- **Task to carry out**: What you should give back is a precise copy of the lines below from the one containing "Бумага копировальная Brauberg" through the one containing "חולצת טי קצרה", with no pictures.
═════ Material for the task ═════
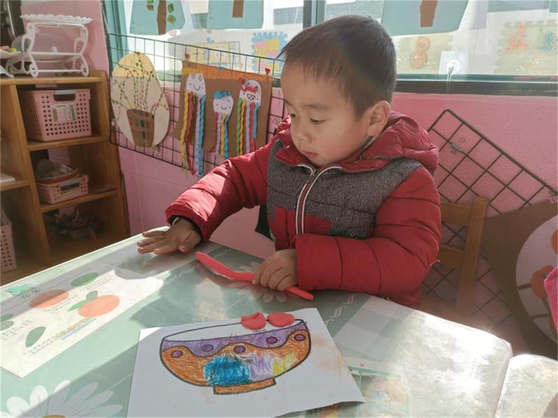 为了让孩子们更好地融入节日氛围,老师和孩子们展开了奇思妙想,组织一些好玩有趣的冬至活动。小班幼儿想自己尝试搓汤圆,怎么办呢?超轻黏土来帮忙,于是一碗碗“特别”的汤圆就出锅咯!中班幼儿紧跟其后,你搓汤圆我包饺,大家一起捏捏捏。孩子们觉得不尽兴,于是一起创编了《包饺子》手指操,“抹点油,撒点盐,和点面。”大家玩的乐呵呵!
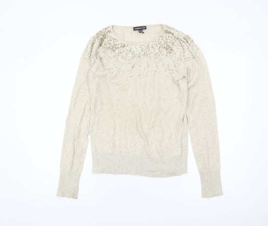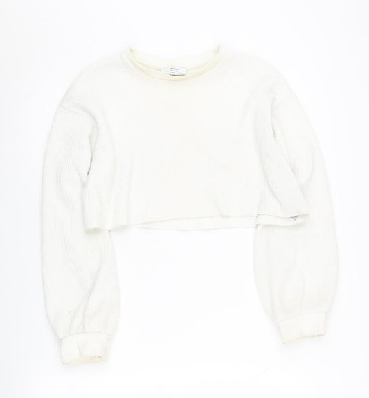 Next Women Ivory Open-Knit Relaxed Fit Cotton Jumper UK 8
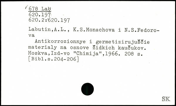 Antikorrozionnye i germetizirujuScie materialy na osnove zidkich kaucukov. Moskva,Izd-vo "Chimija",1966.
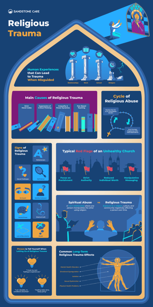 I have spent the last 14 years trying to “come to grips” with my past. I have made some progress recently. But, the work is tough. Especially when you are doing it on your own. This article is everything: https://www.sandstonecare.com/blog/religious-trauma/
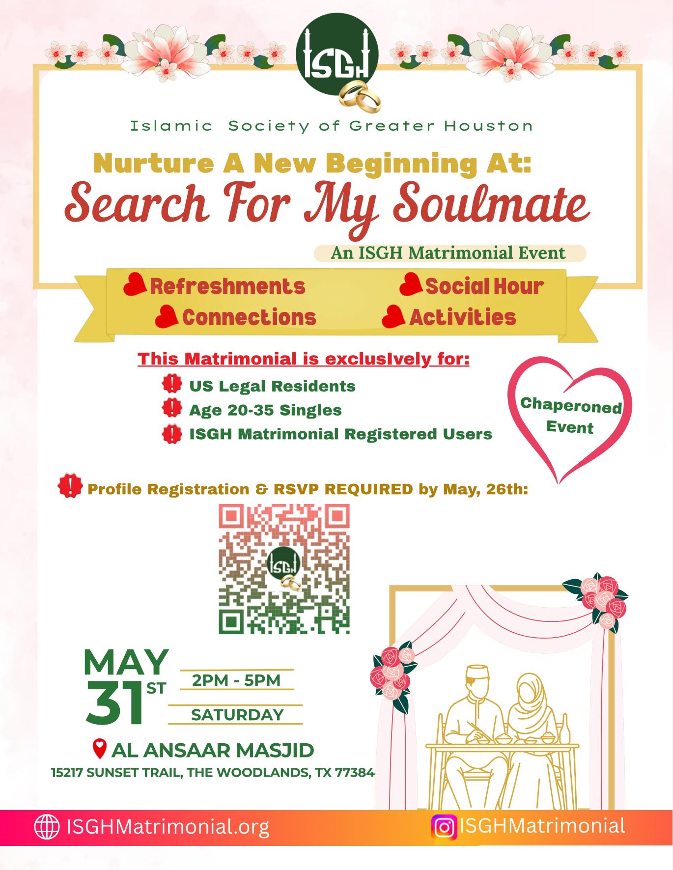 RSVP Required to attend the Matrimonial event on May 31st as there are limited spots
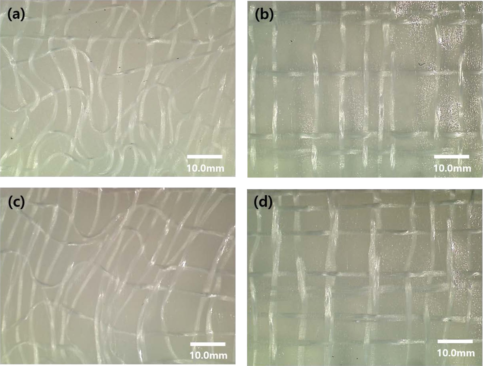 Figure 4 Images of the final GF/PP composite prepregs prepared using (a) plain pattern covering commingled yarn; (b) plain pattern ATY commingled yarn; (c) twill pattern covering commingled yarn; (d) twill pattern ATY commingled yarn. |
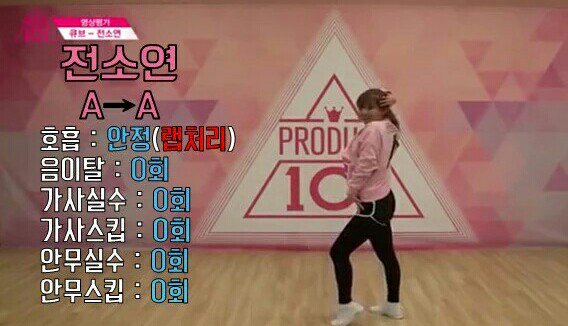 터치였고 결과 발표 후 전소연이 갑작스런 통증을 호소하자 강예빈이 식은땀을 닦아주었다. - ↑ 포지션 경연이 끝나고 건강 상의 이유로 순위발표식에 참여하지 못했다.
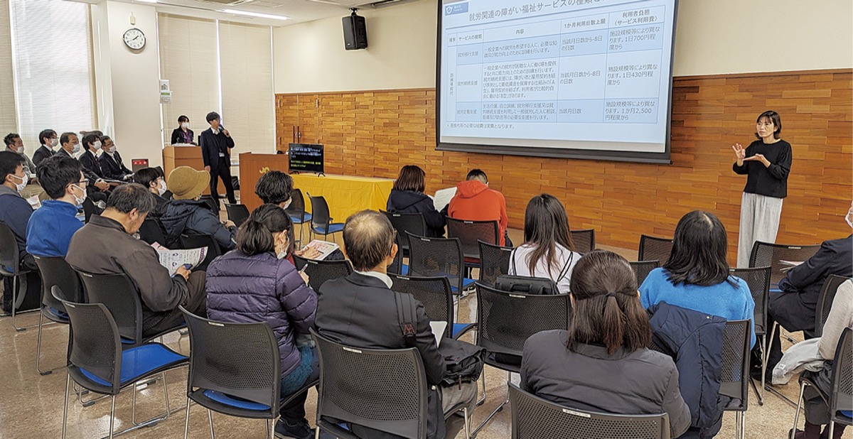 当日は市内の就労支援を行う40事業所の紹介・相談ブースや、作業所の商品を紹介する物販ブース、公的支援や就労援助、障害者雇用の助成などの制度説明ステージを設置。当事者、保護者から、雇用や仕事を依頼したい事業者まで様々な立場の人たちに向けてワンストップで情報が得られる形で実施した。
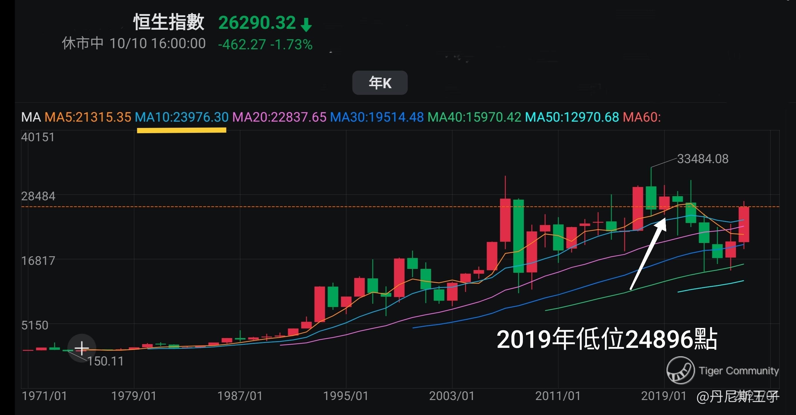 运用恒生指数年线图分析走势:
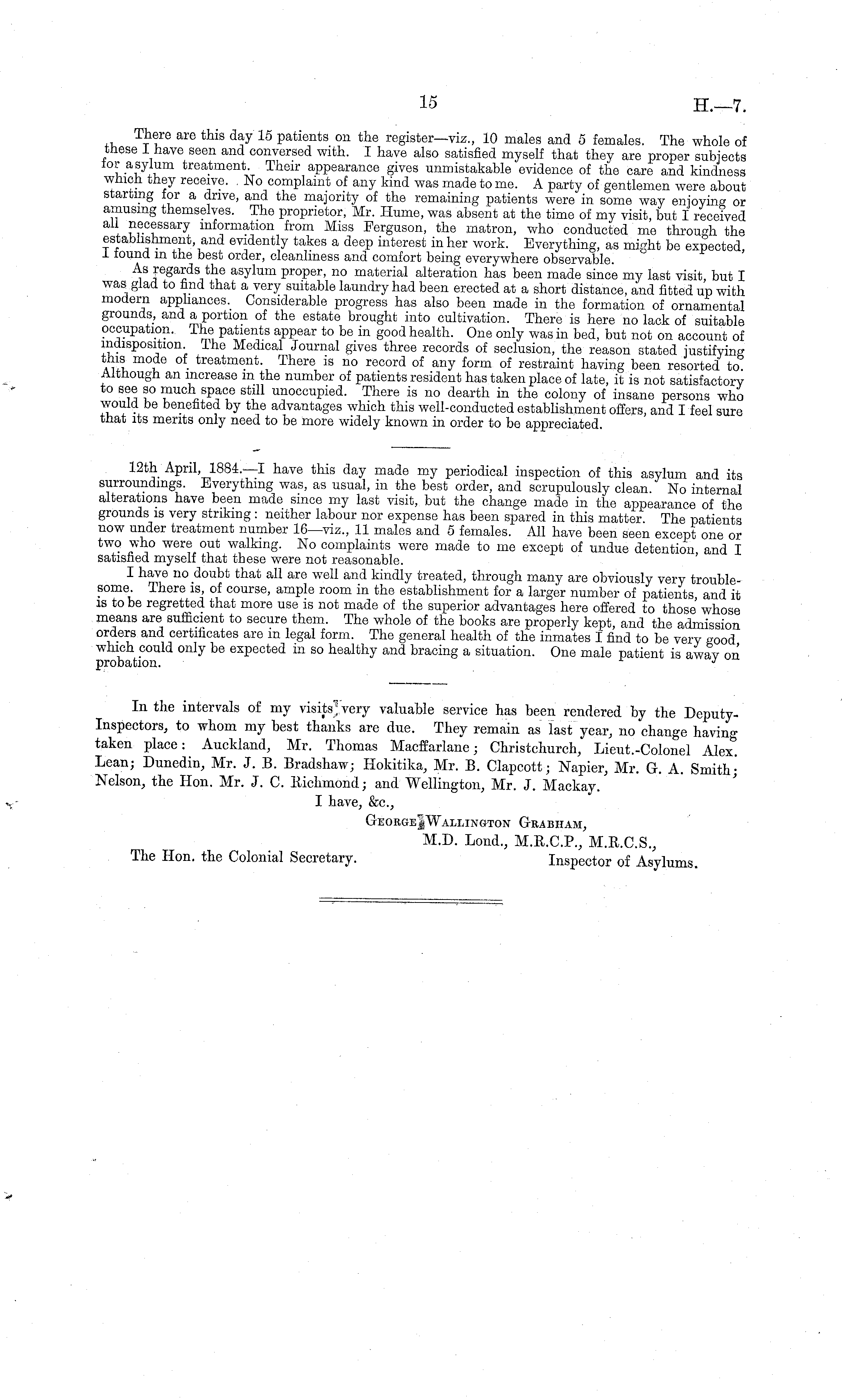 In the intervals of my visits'! very valuable service has been rendered by the DeputyInspectors, to whom my best thanks are due. They remain as last year, no change having taken place: Auckland, Mr. Thomas Macffarlane; Christchurch, Lieut.-Colonel Alex! Lean; Dunedin, Mr. J. B. Bradshaw; Hokitika, Mr. B. Clapcott; Napier, Mr. G. A. Smith; Nelson, the Hon. Mr. J. C. Richmond; and Wellington, Mr. J. Mackay. I have, &c, GeorgejWalmngton Grabham, M.D. Lond., M.R.C.P., M.R.C.S., The Hon. the Colonial Secretary. Inspector of Asylums.
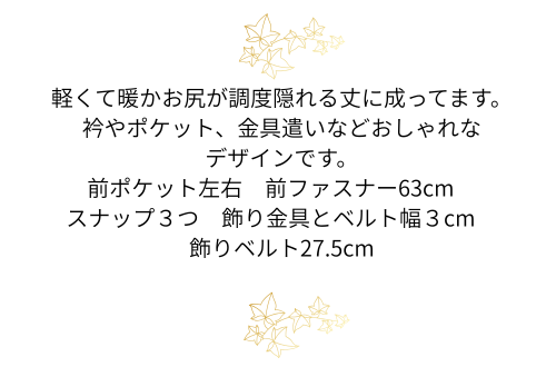 軽くて暖かお尻が調度隠れる丈に成ってます。衿やポケット、金具遣いなどおしゃれなデザインです。
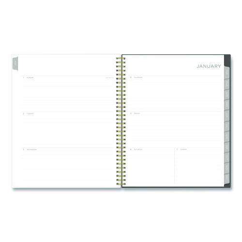 Plan your way through the year with this beautiful Kelly Ventura for Blue Sky® book. Inspired by the summertime blooms around her Michigan studio, this full-year planner features a lush Midnight Garden floral design with elegant gold foil accents and polished metal twin-wire binding. Track appointments, reminders, ideas and to-do lists on the weekly spreads, and streamline your schedule with the big-picture monthly views. Each month is marked with a durable laminated tab for easy access. In the back of the book, you'll find handy reference calendars and extra notes space for everything that doesn't quite fit into any one month or week. Six bonus past-year, un-tabbed monthly spreads simplify annual transitions.Note: This is a non-returnable item.
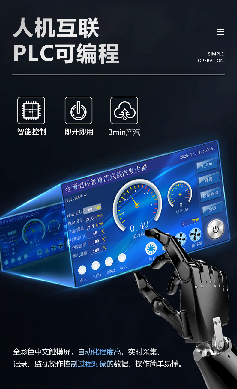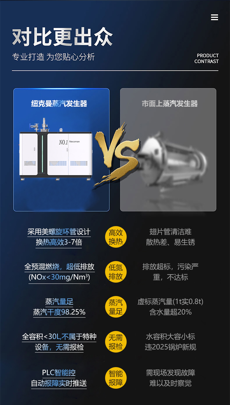蒸汽量:50kg至6T,無內膽,水容積<29L、產汽快、免報檢,低氮燃燒NOx排放<22mg/m3,符合環保要求,310S不銹鋼過流件直流環管結構,達到衛生級別,溫度、壓力、可定制,更多參數可致電15323300918...
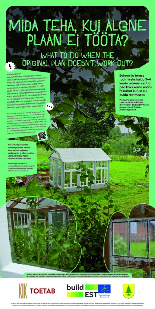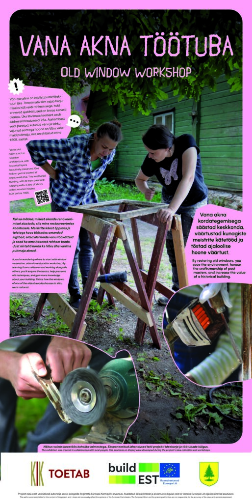 In August 2024, a wonderful outdoor exhibition titled “Window to the Old Town” was created in co-creation with the people of Southeast Estonia. The material for the exhibition was gathered through an open call held earlier this year, where the Võru city government invited building owners from Võru, Põlva, and Valga to share their creative and interesting solutions for reusing old building materials.
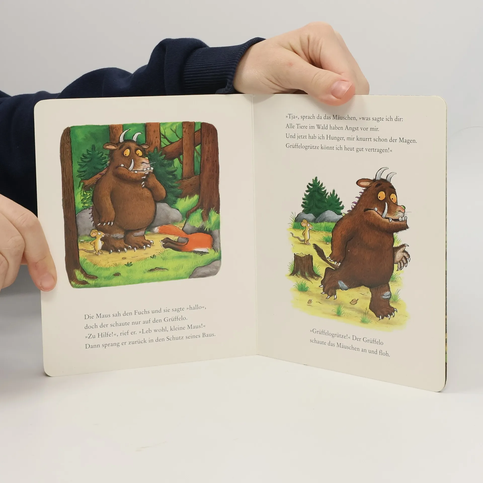 Das erfolgreiche Bilderbuch von Axel Scheffler & Julia Donaldson, in dem die kleine Maus den großen Grüffelo überlistet, endlich als Papp-Bilderbuch. Der große Wald ist voller Gefahren. Da ist es gut, wenn man einen starken Freund hat. Und wenn man keinen hat, muss man einen erfinden. Die kleine Maus droht jedem, der sie fressen will, mit dem schrecklichen Grüffelo. Dabei gibt's Grüffelos gar nicht. Doch dann taucht er plötzlich wirklich auf, und sein Lieblingsschmaus ist Butterbrot mit kleiner Maus. Aber was eine clevere Maus ist, die lehrt auch einen Grüffelo das Fürchten.
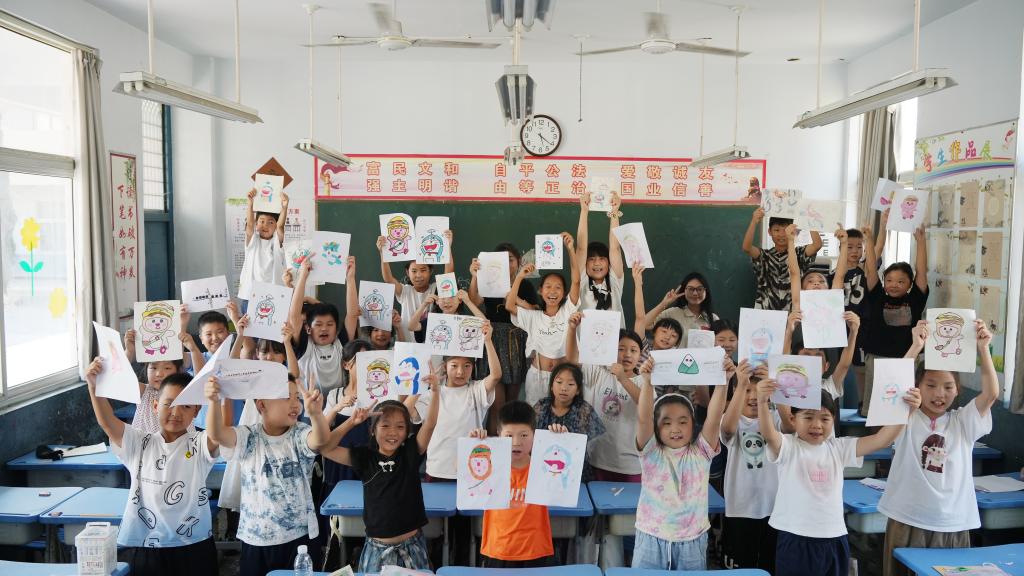 为积极响应国家号召,助力乡村振兴,7月28日在河南省洛阳市偃师区府店镇府西小学,ac米兰官方网站艺术与设计学院、创新创业学院4支“三下乡”暑期社会实践队伍如火如荼地进行,为乡村131名孩子开展了一系列的素养提升课堂,带来了持续不断的文化滋养与欢乐。
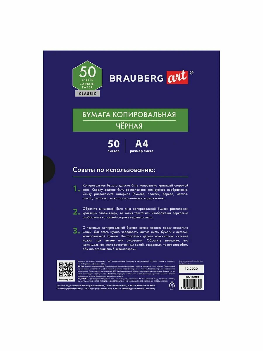 Бумага копировальная Brauberg Art Classic, формат А4, черная, пачка 50л. (112404), 3 уп.
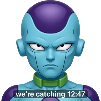 Keep this frieza emoji the exact same just change the text to βweβre catching 12:47 β emoji
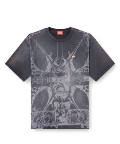 חולצת טי קצרה בגזרה משוחררת בצבע אפור עם הדפס דיגיטלי בסגנון גותי. החולצה צבועה מצדה הפנימי לקבלת מראה דהוי
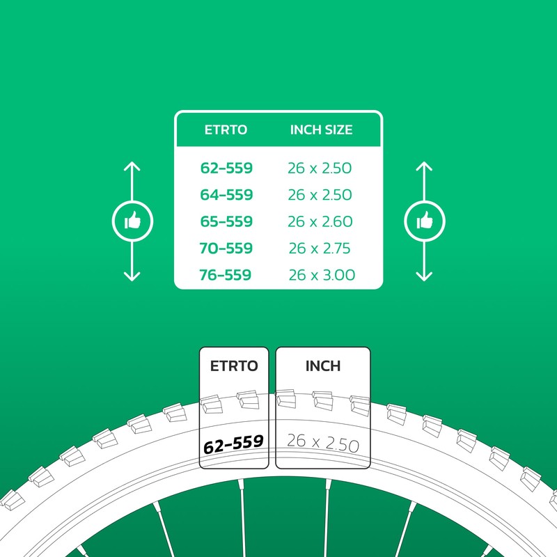 - Compatibility: These tubes are compatible with 26 inch tyres and fit the following sizes: 26 x 2.50 (ETRTO 62/64-559), 26 x 2.60 (ETRTO 65-559), 26 x 2.75 (ETRTO 70-559), 26 x 3.00 (ETRTO 65-559). TRTO 75/76-559). Perfect for VTTs, city bikes, folding bikes and trekking bikes.
═════
- **Your solution**:
 Бумага копировальная Brauberg Art Classic, формат А4, черная, пачка 50л. (112404), 3 уп.
 Keep this frieza emoji the exact same just change the text to βweβre catching 12:47 β emoji
 חולצת טי קצרה בגזרה משוחררת בצבע אפור עם הדפס דיגיטלי בסגנון גותי. החולצה צבועה מצדה הפנימי לקבלת מראה דהוי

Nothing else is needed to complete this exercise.